### Data shown
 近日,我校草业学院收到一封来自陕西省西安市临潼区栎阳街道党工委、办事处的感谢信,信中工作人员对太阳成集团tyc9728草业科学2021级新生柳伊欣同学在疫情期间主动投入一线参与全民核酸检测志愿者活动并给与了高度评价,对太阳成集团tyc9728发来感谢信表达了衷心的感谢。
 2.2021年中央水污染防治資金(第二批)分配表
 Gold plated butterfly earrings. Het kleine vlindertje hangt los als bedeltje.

---

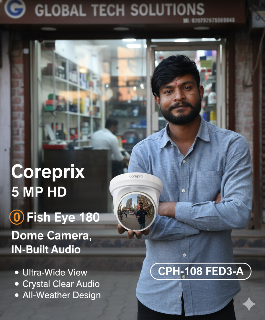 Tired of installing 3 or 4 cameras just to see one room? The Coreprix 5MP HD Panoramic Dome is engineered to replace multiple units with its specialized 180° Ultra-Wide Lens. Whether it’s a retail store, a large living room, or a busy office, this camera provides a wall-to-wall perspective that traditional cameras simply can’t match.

### Exercise directions
Where the listing above has a line with "近日,我校草业学院收到一封来", start there, and output every line exactly through the line with "Gold plated butterfly", which is also included.

### Result below
 近日,我校草业学院收到一封来自陕西省西安市临潼区栎阳街道党工委、办事处的感谢信,信中工作人员对太阳成集团tyc9728草业科学2021级新生柳伊欣同学在疫情期间主动投入一线参与全民核酸检测志愿者活动并给与了高度评价,对太阳成集团tyc9728发来感谢信表达了衷心的感谢。
 2.2021年中央水污染防治資金(第二批)分配表
 Gold plated butterfly earrings. Het kleine vlindertje hangt los als bedeltje.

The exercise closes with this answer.